Die Polypeptide stammen von einem Säuger, so dass sie niedrige Antigeneigenschaften für den Menschen aufweisen und keine schwerwiegenden Nebenwirkungen verursachen, sogar wenn sie in großen Mengen oder kontinuierlich verabreicht werden.

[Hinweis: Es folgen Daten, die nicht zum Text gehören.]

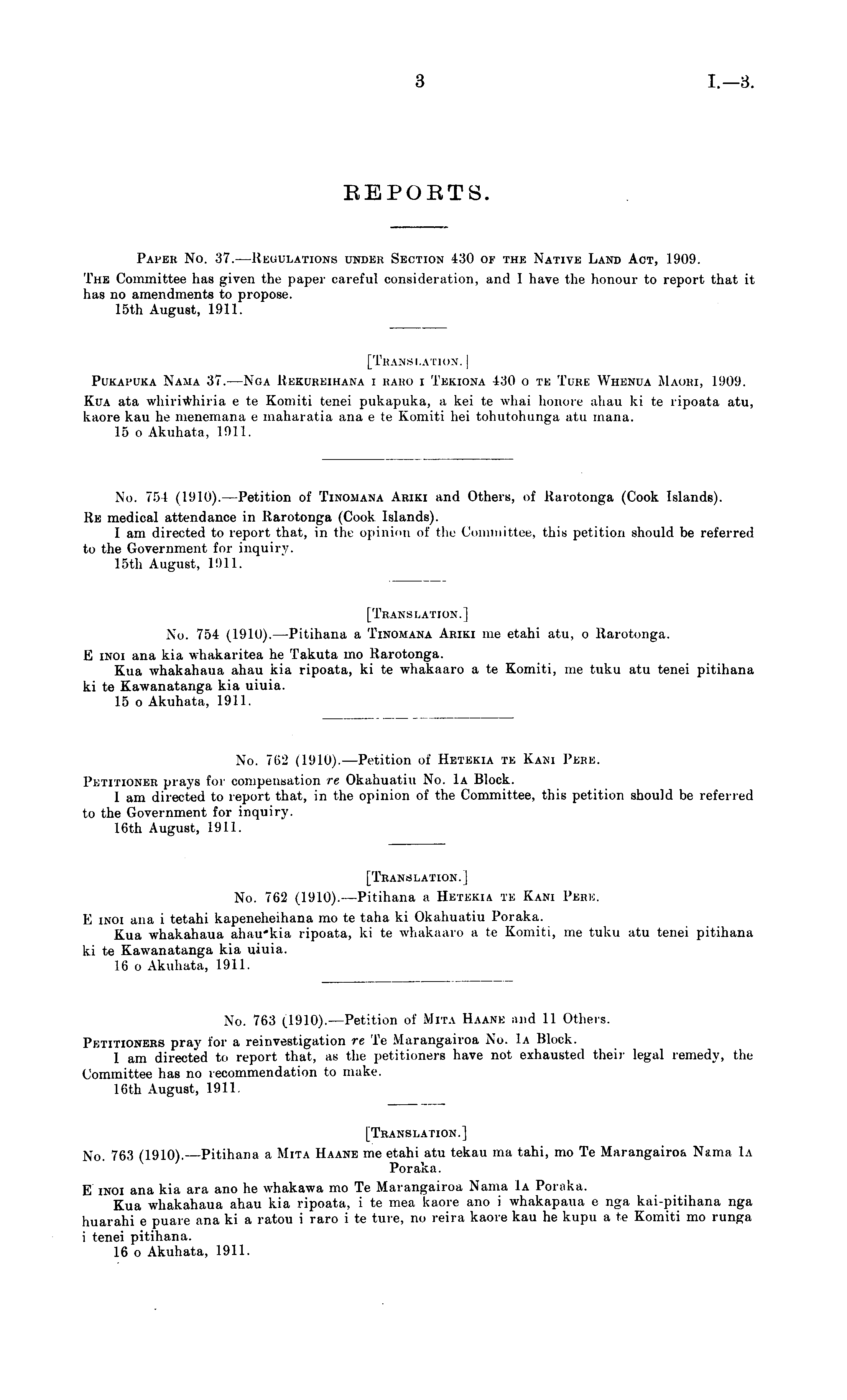 [Translation.] No. 762 (1910). -Pitihana a Hetekia te Kani Pere. E iNOi ana i tetahi kapeneheihana mo te taha ki Okahuatiu Poraka. Kua whakahaua ahau'kia ripoata, kite whakaaro a te Komiti, me tuku atu tenei pitihana kite Kawanatanga kia uiuia. 16 o Akuhata, 1911.
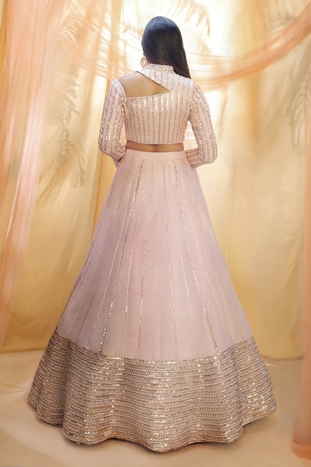 Lilac lehenga highlighted with embroidery. Comes with cutout blouse.

Deshalb weisen die Polypeptide den Vorteil auf, dass sie gewünschte Wirkungen ausüben können, ohne eingeschränkte Kontrollen auf Empfindlichkeiten des Patienten.
Die so nützlichen Polypeptide können in gewünschten Mengen unter Verwendung der vorliegenden DNAs, welche sie codieren, hergestellt werden.
Folglich ist die vorliegende Erfindung eine wesentliche Erfindung, welche eine beträchtliche Wirkung hat und einen großen Beitrag auf diesem Gebiet leistet.
Obwohl beschrieben wurde, was momentan als bevorzugte Ausführungsformen der vorliegenden Erfindung betrachtet wird, gilt es als selbstverständlich, dass verschiedene Modifizierungen dabei durchgeführt werden können.
SEQUENZPROTOKOLL

Claims

Polypeptid, welches L-Asparaginaseaktivität und eine Aminosäuresequenz, ausgewählt aus der Gruppe bestehend aus SEQ ID Nos: 6 bis 9 und Mutanten davon, aufweist, welche eine Deletion und/oder eine Addition einer oder mehrerer Aminosäuren an den N- und/oder C-Termini der SEQ ID Nos: 6 bis 9 aufweisen, wobei besagte mutante Polypeptide keine Fehler in ihrer L-Asparaginaseaktivität im Vergleich zu den Polypeptiden der SEQ ID Nos: 6 bis 9 aufweisen.
DNA, welche das Polypeptide, wie in Anspruch 1 beansprucht, codieren.
Agens für suszeptive Krankheiten, welches das Polypeptide des Anspruch 1 als einen wirksamen Bestandteil umfasst.
Das Agens nach Anspruch 3, wobei besagte Krankheiten maligne Tumore, Leukämien und Lymphome sind.